2.7.3 Testing the Scalability of the Framework with Application to the Full Model Space
In order to demonstrate the scalability of the optimization and model comparison framework, we used the space of 12 models described below. We individually fitted the models and then performed model comparison to select the best fitting model. A set of null models were included which are anatomically implausible. If model selection performed correctly, then it is expected that these models would perform poorly.
To investigate the importance of known anatomical pathways in reconstructing the observed steady state statistics of the empirical local field potentials (i.e. autospectra and NPD), we considered a set of competing models. Specifically, we look at the role of four pathways and their interactions: the cortico-striatal indirect; the cortico-subthalamic hyperdirect; thalamocortical relay; and the subthalamic-pallidal feedback. In total we tested 6 families of models (presented later in the results section-figure 5):
+ indirect.
+ indirect/ + hyperdirect pathway.
+ hyperdirect / - indirect.
+ indirect / - hyperdirect/ + thalamocortical.
+ indirect / + hyperdirect/ + thalamocortical.
-indirect / + hyperdirect/ + thalamocortical.
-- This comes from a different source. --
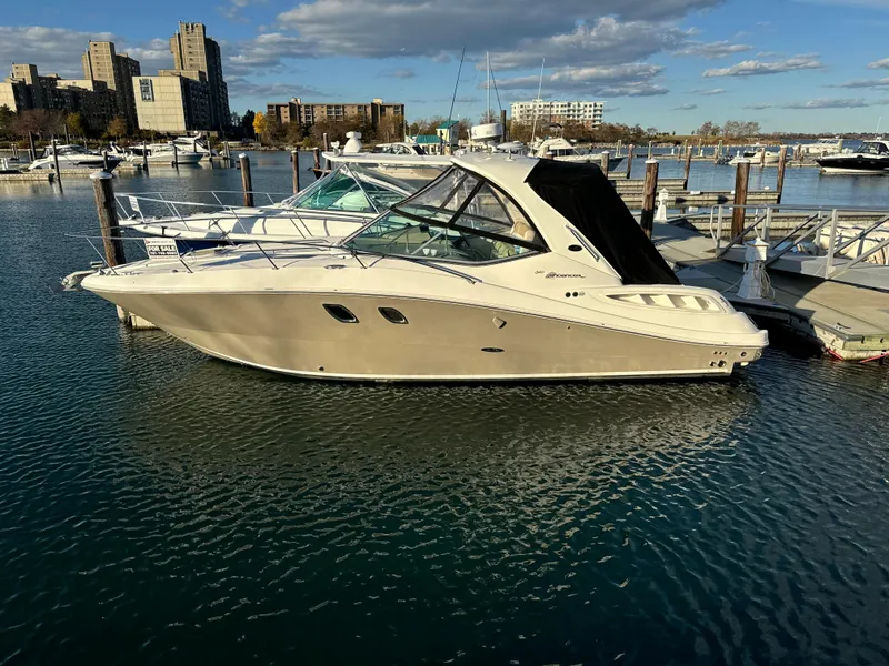 Just "traded in" and fully sorted 2008 Sea Ray 310 with NEW shaft seals, NEW spotlight, NEW hot water heating element, NEW transducer, all canvas and upholstery inspected and repaired as needed! Introduced in 1998, this 2008 310 Sundancer is likely the most well-known version in the Sea Ray line up. It's a midsize express cruiser known for its spacious interior, stylish design and good performance. Features include a deep V hull for smooth rides, large cockpit with an electric grill and wet bar with double wide companion seating and u-shaped rear seating for entertainment. The mid cabin includes AC/Heat, sink, microwave, two burner electric stove, faux granite countertops, refrigerator and separate "chiller" and lots of storage for cutlery, glass, and china. Additionally, she is equipped with a Kohler generator, bow thruster, fully functional Garmin chart plotter / radar and full canvas including a mooring cover. To get you where you need to go, this 310 is powered by the MerCruiser 320hp V-drive inboards with MerCuiser Smart Craft and only 695 original hours. If you are looking for a well-equipped mid-size cruiser with stylish design and performance that can also sleep six comfortably, then you have found the boat for you and your family! Don't miss out on this excellent opportunity offered by Smith Yachts!

We considered these six families and divide them into two sub-families that do or do not include the subthalamopallidal (STN → GPe) feedback connection. Family (1) investigates whether the indirect pathway alone can explain the pattern of observed spectra and functional connectivity. In the case of family (2), previous work has highlighted the importance of hyper-direct connections in the functional connectivity (Jahfari et al., 2011; Nambu et al., 2015), yet anatomical research has shown dopamine to weaken the density of synaptic projections (Chu et al., 2017). Thus, family (2) provides an ideal set of models to examine the nonlinear mapping of anatomical to functional connectivity described in the introduction of this paper. Families (3) and (6) represent null models in which the indirect pathway is excluded and are used as implausible models to test the model comparison procedure. This is because it is thought that the indirect pathway is vital to explain activity within the network following dopamine depletion associated with PD (Albin et al., 1989; Alexander et al., 1986; Bolam et al., 2000). The functional role of the thalamocortical subnetwork is relatively unknown (but see recent work: Reis et al. 2019) and so families (4) and (5) provide an examination of whether the addition of the thalamic relay can better explain the empirical data. The second level of families (i.e. x.1-2) investigates whether the reciprocal network formed by the STN and GPe is required to explain observed patterns of connectivity in the data. This network has been the subject of much study and is strongly hypothesized to play an important role in the generation and/or amplification of pathological beta rhythms (Bevan et al., 2002; Cruz et al., 2011; Plenz and Kital, 1999).
3 Results
3.1 Properties of Iterative Fitting and Convergence when Applied to a Simple Model of the Pallido-Subthalamic Subcircuit
We provide an example model inversion in figure 2 to examine how the ABC algorithm iteratively converges to yield an approximation to the summary statistics of the empirical data. This example uses a simple model of a basal-ganglia subcircuit comprising the reciprocally connected subthalamic nucleus (STN) and external segment of the globus-pallidus (GPe) shown in figure 2A. Specifically, this model was fit to the autospectra and directed functional connectivity from the results originally reported in West et al., (2018) which described an analysis of local field potentials recorded from a rodent model of Parkinsonism (see methods for experimental details). By tracking the value of the objective function (i.e. the R2) over iterations (figure 2B) we demonstrate a fast-rising initial trajectory in the first 15 iterations that eventually plateaus towards convergence, that is well approximated by a logistic function (shown by purple dashed line). In figure 2C and D the simulated features (autospectra and NPD respectively) gradually move closer to the empirically estimated features with each iteration of the algorithm. Overall, average fits were R2 = 0.41 for the autospectra (figure 2C;) and R2 = 0.25 for the functional connectivity estimates (figure 2D).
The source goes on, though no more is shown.